DIRECTIONS: Apart from the pictures, the listing is to be returned exactly.

RECORDED INFORMATION:

──────────────────────────────

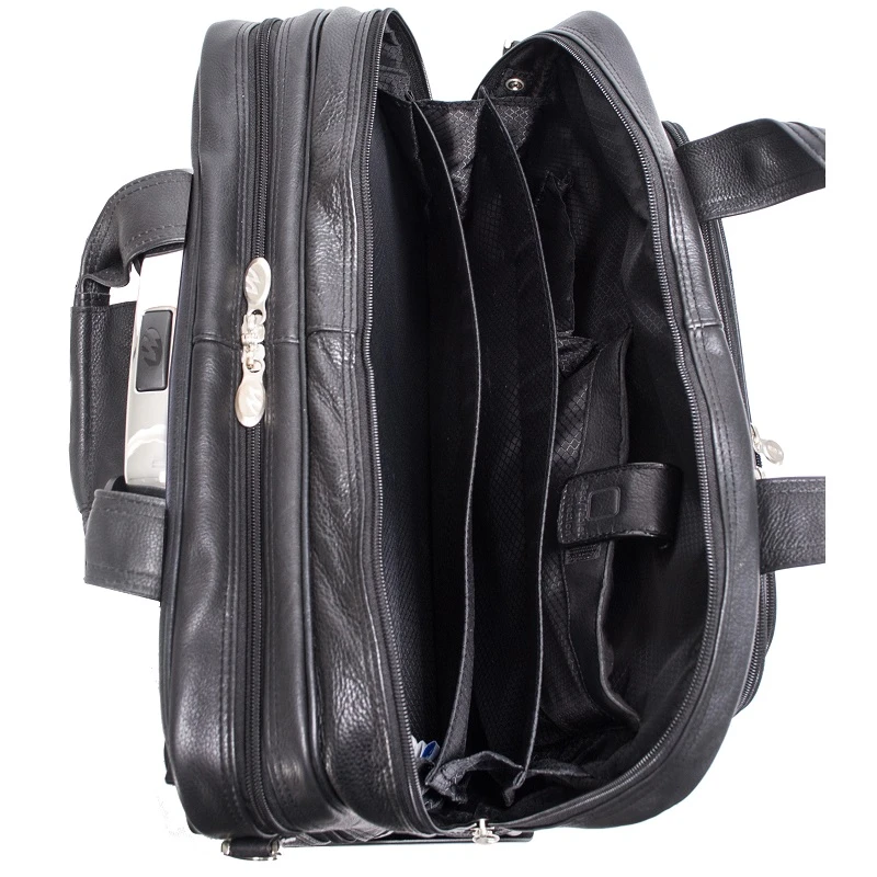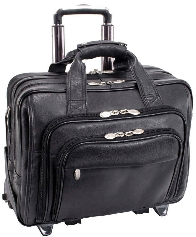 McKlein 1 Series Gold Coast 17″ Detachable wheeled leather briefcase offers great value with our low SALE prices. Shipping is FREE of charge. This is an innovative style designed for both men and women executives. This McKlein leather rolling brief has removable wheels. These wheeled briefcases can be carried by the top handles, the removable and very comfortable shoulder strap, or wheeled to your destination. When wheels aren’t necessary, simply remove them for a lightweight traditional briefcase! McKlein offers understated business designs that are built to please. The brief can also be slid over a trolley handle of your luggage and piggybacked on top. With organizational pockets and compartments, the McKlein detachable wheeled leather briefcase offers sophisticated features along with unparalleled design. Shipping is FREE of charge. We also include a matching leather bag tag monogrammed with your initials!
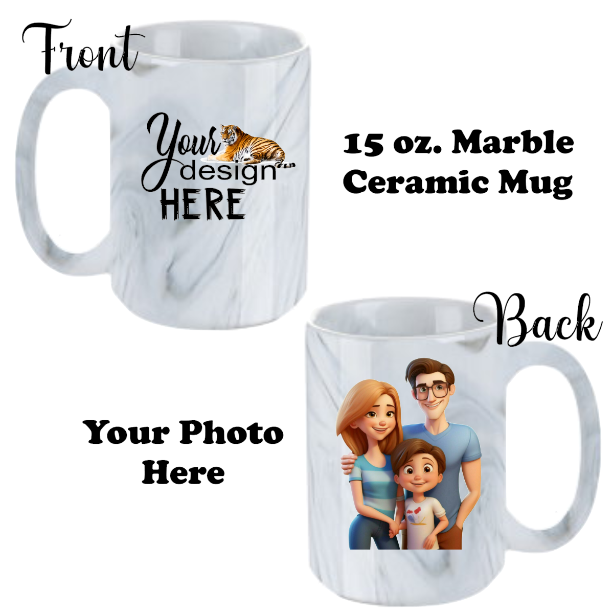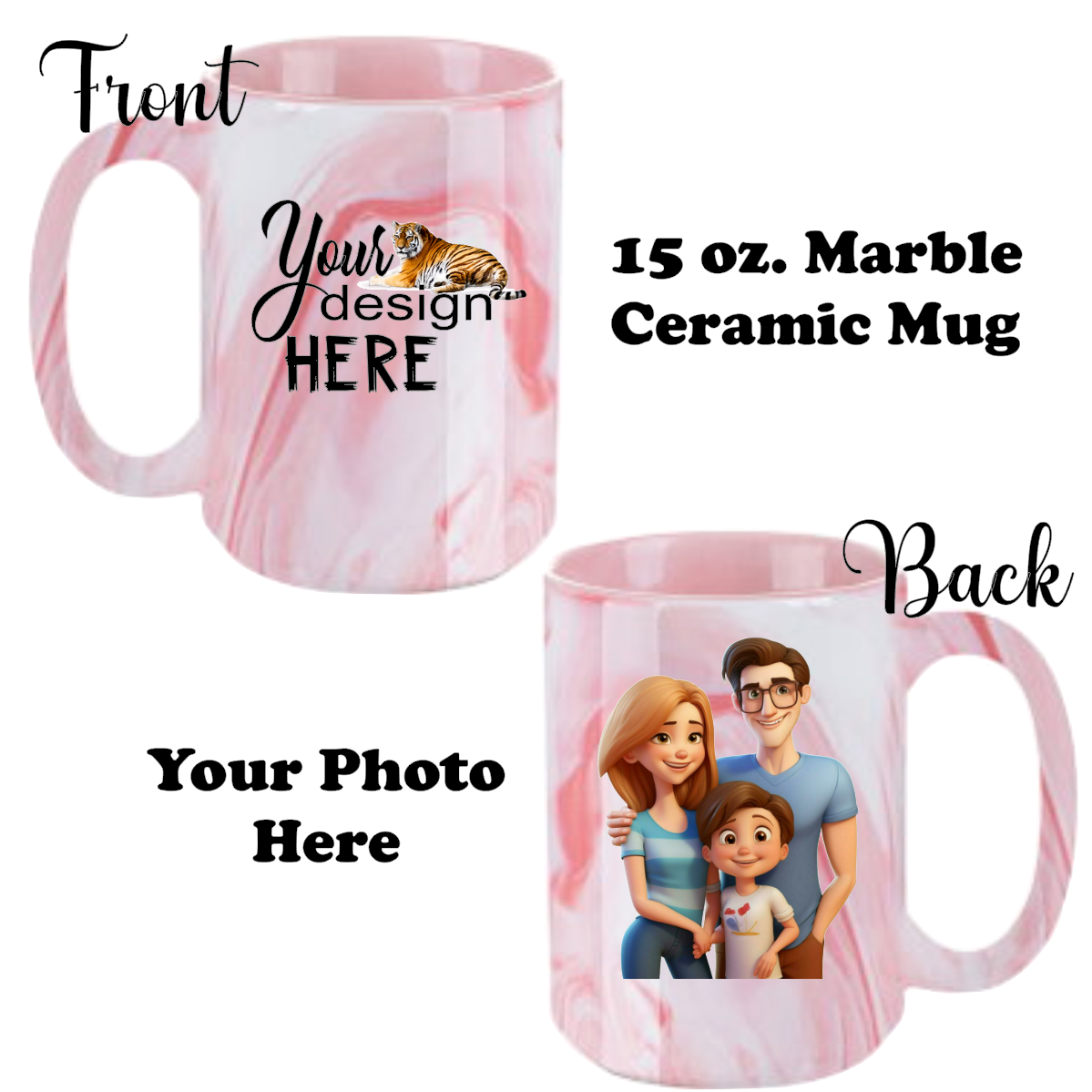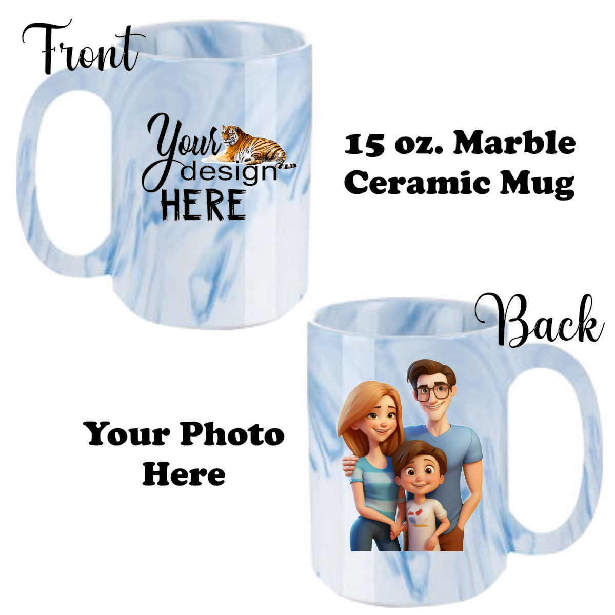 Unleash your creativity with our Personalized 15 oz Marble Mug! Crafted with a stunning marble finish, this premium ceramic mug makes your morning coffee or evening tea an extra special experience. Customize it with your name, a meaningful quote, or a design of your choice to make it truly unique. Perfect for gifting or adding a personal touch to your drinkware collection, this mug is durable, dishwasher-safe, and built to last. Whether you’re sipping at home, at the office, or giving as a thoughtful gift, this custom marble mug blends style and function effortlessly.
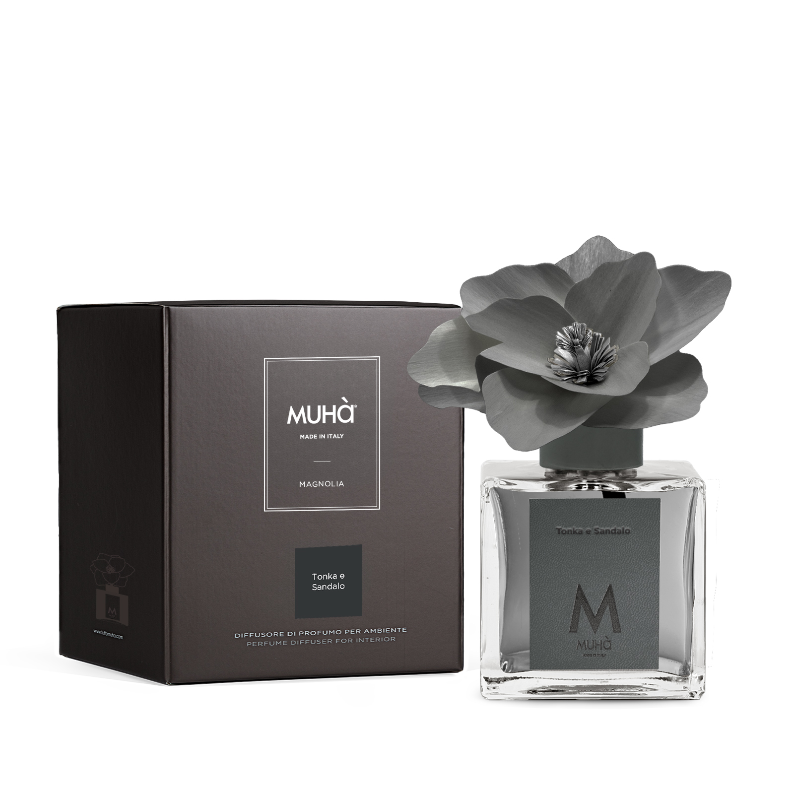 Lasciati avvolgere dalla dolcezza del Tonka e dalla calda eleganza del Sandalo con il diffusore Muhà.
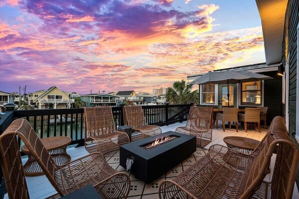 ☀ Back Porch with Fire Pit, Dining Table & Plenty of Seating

──────────────────────────────

SOLUTION TO THIS EXERCISE:
 McKlein 1 Series Gold Coast 17″ Detachable wheeled leather briefcase offers great value with our low SALE prices. Shipping is FREE of charge. This is an innovative style designed for both men and women executives. This McKlein leather rolling brief has removable wheels. These wheeled briefcases can be carried by the top handles, the removable and very comfortable shoulder strap, or wheeled to your destination. When wheels aren’t necessary, simply remove them for a lightweight traditional briefcase! McKlein offers understated business designs that are built to please. The brief can also be slid over a trolley handle of your luggage and piggybacked on top. With organizational pockets and compartments, the McKlein detachable wheeled leather briefcase offers sophisticated features along with unparalleled design. Shipping is FREE of charge. We also include a matching leather bag tag monogrammed with your initials!
 Unleash your creativity with our Personalized 15 oz Marble Mug! Crafted with a stunning marble finish, this premium ceramic mug makes your morning coffee or evening tea an extra special experience. Customize it with your name, a meaningful quote, or a design of your choice to make it truly unique. Perfect for gifting or adding a personal touch to your drinkware collection, this mug is durable, dishwasher-safe, and built to last. Whether you’re sipping at home, at the office, or giving as a thoughtful gift, this custom marble mug blends style and function effortlessly.
 Lasciati avvolgere dalla dolcezza del Tonka e dalla calda eleganza del Sandalo con il diffusore Muhà.
 ☀ Back Porch with Fire Pit, Dining Table & Plenty of Seating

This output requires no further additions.